Die aktuelle Arbeit zeigt anhand multidimensionaler FACS Analysen, dass im Blut von beatmungspflichtigen COVID-19 Patienten mit Lungenversagen stark aktivierte neutrophile Granulozyten und Blutplättchen zu finden sind. Die Interaktion dieser beiden Zelltypen ist gekennzeichnet durch eine wechselseitige Aktivierung, die letztlich zu Gefäßverschlüssen in der Lunge führt. Ein wesentlicher Bestandteil dieser Verschlussbildung sind neutrophil extracellular traps (NETs), netzartige Strukturen bestehend aus DNA und Granulaproteinen der neutrophilen Granulozyten, welche die Blutgerinnsel stabilisieren.
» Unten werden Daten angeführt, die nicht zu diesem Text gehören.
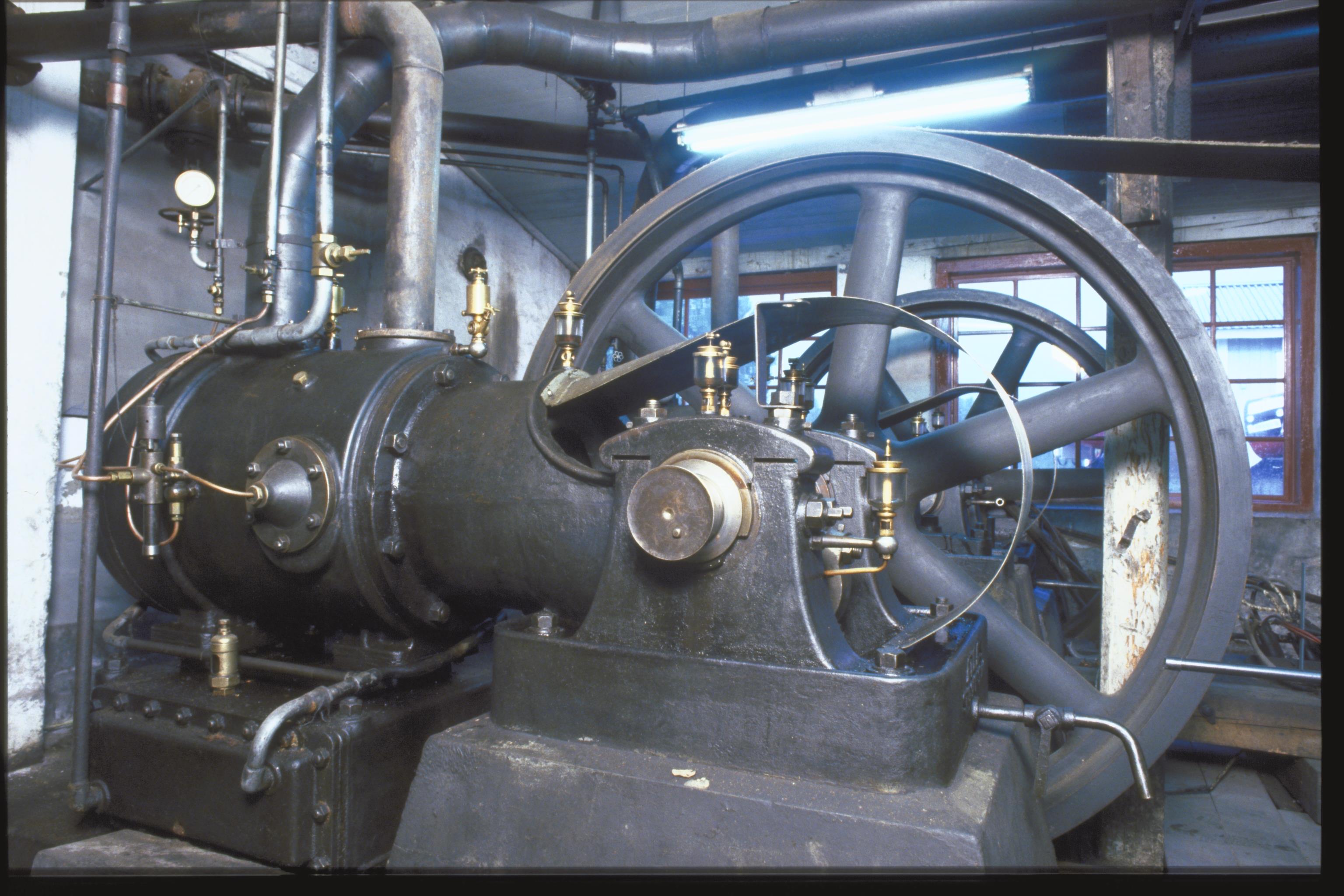 Interiör från gruvlaven. Maskindetaljer, ATLAS-kompressor från 1910.

Im Blut wird dieser zunächst lokale Prozess in der Lunge durch eine starke Aktivierung der Blutgerinnung reflektiert, die sich in einer erhöhten systemischen Thromboseneigung niederschlägt.

Die Arbeit trägt zu einem besseren Verständnis der pathophysiologischen Mechanismen bei COVID-19 bei und zeigt die Immunothrombose als vielversprechenden Ansatzpunkt in der Prävention und Therapie des Lungenversagens sowie anderer thrombotischer Komplikationen bei dieser neuen Erkrankung auf.

Die Studie wurde in Zusammenarbeit mit zahlreichen Abteilungen des LMU Klinikums (Anästhesie, Virologie, Klinische Chemie, Pathologie, Medizinische Klinik III) sowie dem CORKUM Register durchgeführt und durch den Sonderforschungsbereich 1123 und 914 der Deutschen Forschungsgemeinschaft, dem European Research Council (ERC) sowie durch die Deutsche Gesellschaft für Kardiologie (DGK) und die Munich Heart Alliance unterstützt. Die Publikation wurde als Paper-of-the-month des Deutschen Zentrums für Herzkreislauferkrankungen ausgezeichnet.